/nabla-linux

Experimental Linux Virtual Machine based on UML and noMMU

Primary LanguageC

This is an experimental type of Linux Virtual Machine that does not use a hypervisor (no monitor, no emulation, no HW virtualization). A guest runs multiple processes on the same address-space as a single host process on top of 12 syscalls (sandboxed using seccomp). The guest kernel is a modified Linux configured with User-Mode-Linux (UML) and no-MMU.

The best way to see this is as a modified User-Mode-Linux (UML) that is faster and more secure, but is significantly less general-purpose.

IMAGE ALT TEXT HERE

Try it with this one-liner

docker run --rm -it kollerr/linux-um-nommu

The source dockerfile is tests/docker/linux-um-nommu/Dockerfile which uses the alpine-test.ext3 image built by tests/Makefile (which is then based on tests/docker/alpine/Dockerfile).

Introduction

Container runtimes have been using virtualization as a way of improving isolation (e.g., Kata containers). And in order to make them feel like regular containers, the community has been trying to slim down their virtual machine (VM) monitors (e.g., Firecracker). This experimental "VM" is what happens when you slim down to the extreme: no monitor at all.

Nabla Linux is a Linux virtual machine that runs as a single unprivileged user-level process on top of only 12 syscalls. We achieve isolation equivalent to virtual machines, without using a monitor, by restricting the VM process to only these 12 system calls using seccomp. The system was built on top of a combination of two well known Linux features: user mode linux (UML) and no-MMU support (used for embedded devices) both in the kernel and in userspace (musl and busybox).

nabla-linux

Our initial experiments show that this Linux VM is capable of running multiple unmodified binaries from Alpine (like python, nginx, redis), and can boot in 6 milliseconds (to our knowledge, this is the fastest); albeit with some limitations: PIE executables only, and no forks (processes are emulated using vforks).

Demo:

asciicast

This shows a run with the host syscalls on the left. The point of this is to show that lots of applications just work while running on a small set of syscalls.

Build and test

A single make at the root should build linux, musl, and busybox. Then you need a disk image (think of this as a VM).
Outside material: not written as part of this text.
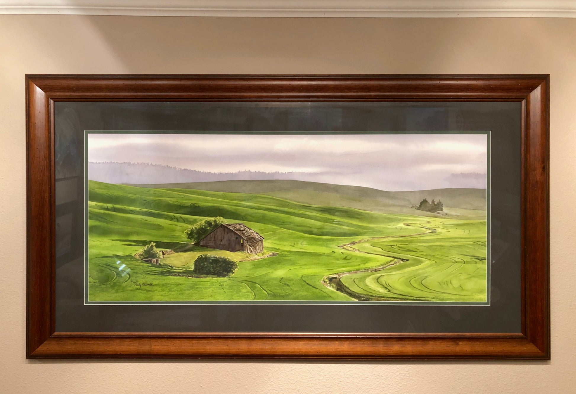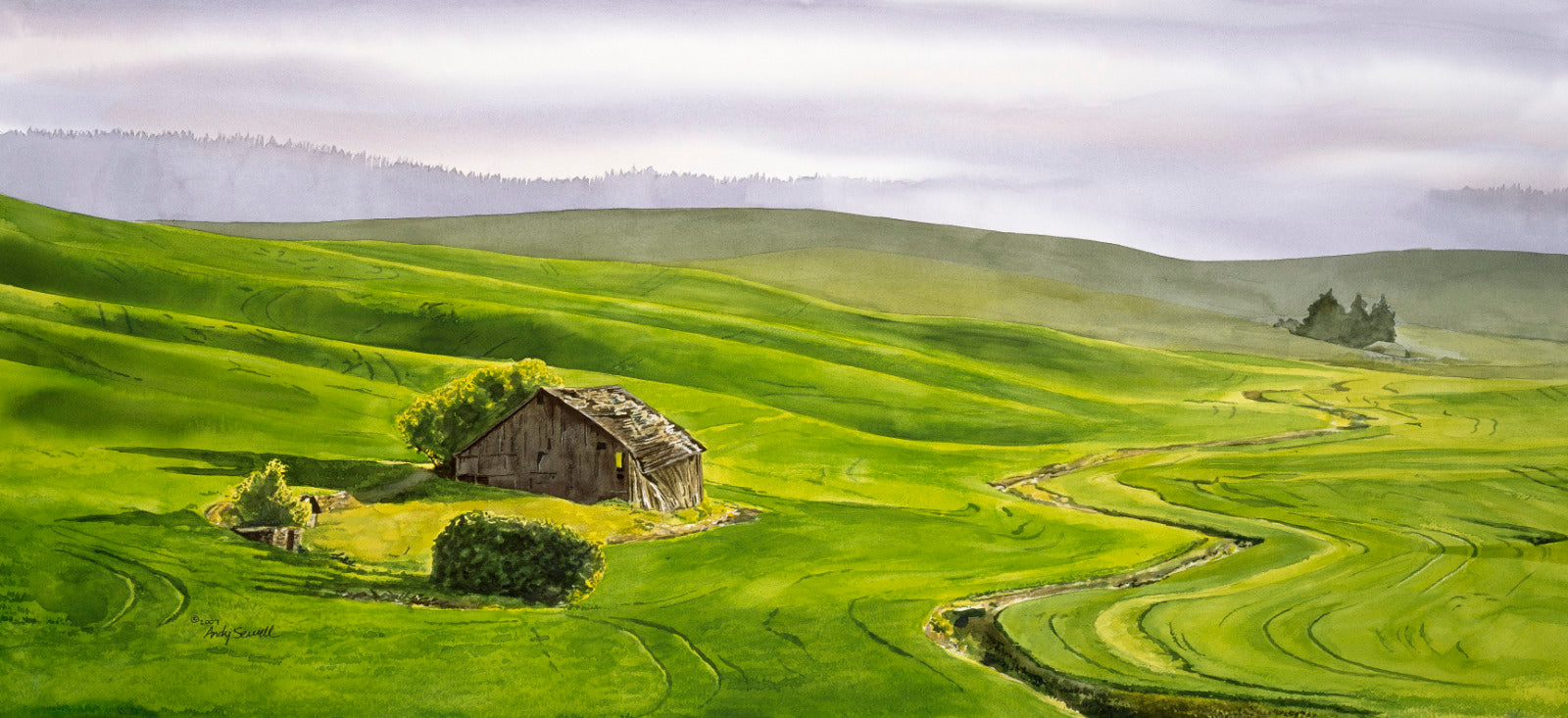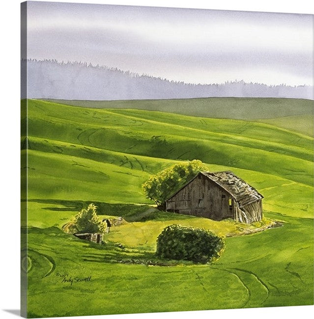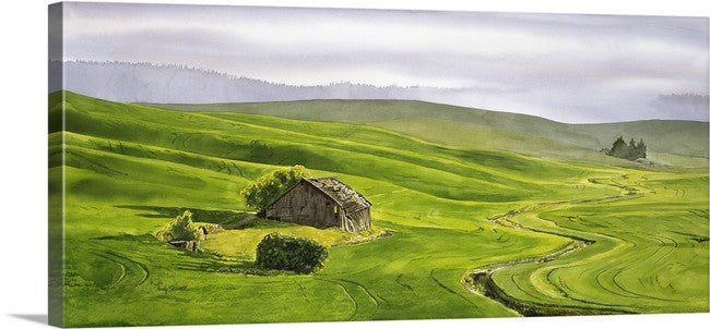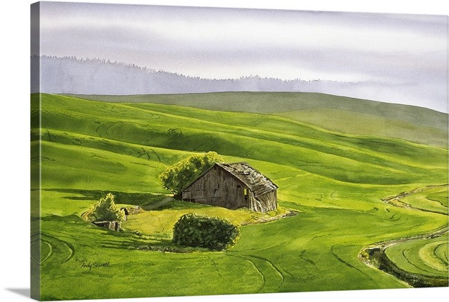 Morning Sunbreak on the Palouse the old barn has since fallen down. I painted this image in watercolor.

You can create a raw disk file based on alpine using the alpine-test.ext3 target in tests/, or just do a make demo in tests/ which will build one and then run it.

make
cd tests && make demo

Related projects

  • Linux Kernel Library (LKL) which also uses the NOMMU config but has a different use case: to be used as a library instead of a "VM". There are two very interesting developments related to LKL:

  • Gvisor which looks like UML when running in ptrace mode (one host process per guest process trapped using ptrace).
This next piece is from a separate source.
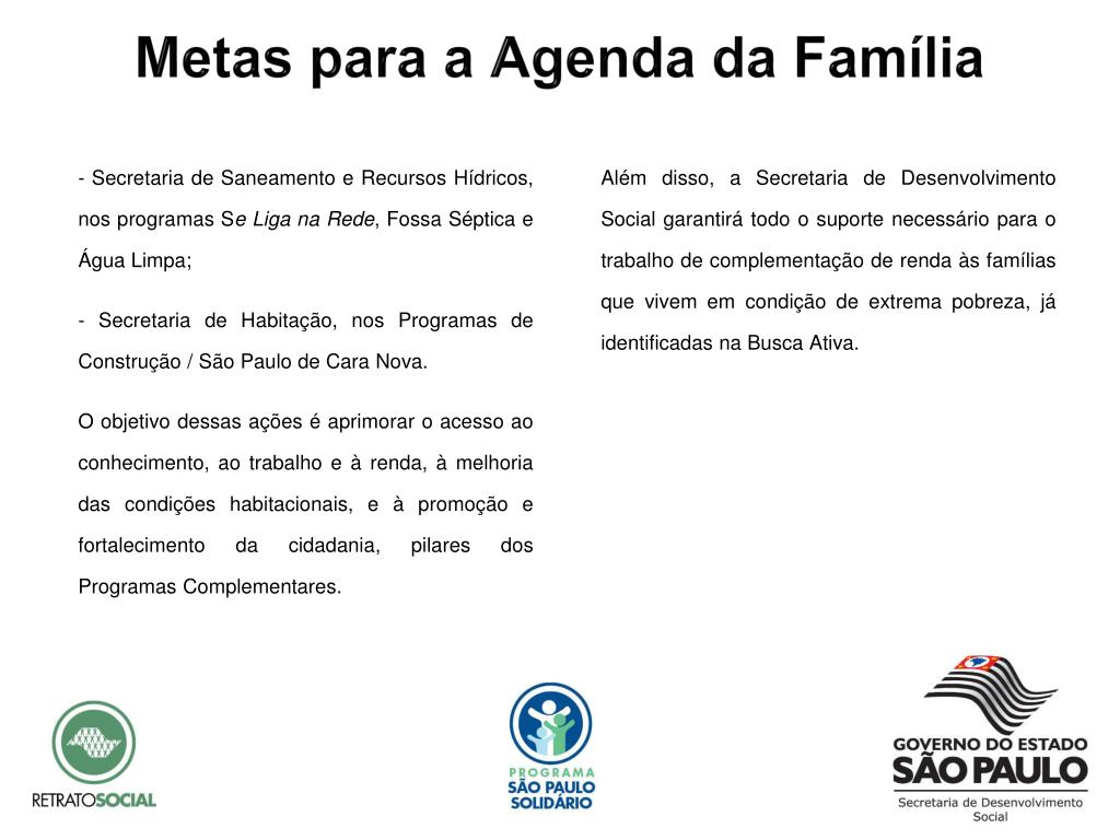 Metas para a Agenda da Família • - Secretaria de Saneamento e Recursos Hídricos, nos programas Se Liga na Rede, Fossa Séptica e Água Limpa; • - Secretaria de Habitação, nos Programas de Construção / São Paulo de Cara Nova. • O objetivo dessas ações é aprimorar o acesso ao conhecimento, ao trabalho e à renda, à melhoria das condições habitacionais, e à promoção e fortalecimento da cidadania, pilares dos Programas Complementares. • Além disso, a Secretaria de Desenvolvimento Social garantirá todo o suporte necessário para o trabalho de complementação de renda às famílias que vivem em condição de extrema pobreza, já identificadas na Busca Ativa.

  • The solo5-spt monitor which runs unikernels as a single process sandboxed using seccomp (same idea).

Limitations

  • No virtual memory (VM) and no memory protection. A single address space is shared by multiple processes, so a process writing into the NULL page will "kill" every process running in the VM (not what you would expect).
  • No sys_fork. Which is partially solved by supporting vfork (and posix_spawn). The catch is that applications need to use vfork or posix_spawn instead of fork and exec (like busybox configured for NOMMU). Applications doing sys_fork will get an EINVAL. The most common usage of fork and exec (running a new program) is the shell: that's why we need busybox configured for NOMMU. Other applications like nginx or redis don't fork (haven't seen them fork at least), so they don't need to be patched.
  • Can only run PIE executables. This is the case for most of the binaries in Alpine Linux as explained here/Secure.
  • Have to use our modified musl libc. This libc supports making syscalls over vsyscall (i.e. a function call instead of the syscall instruction).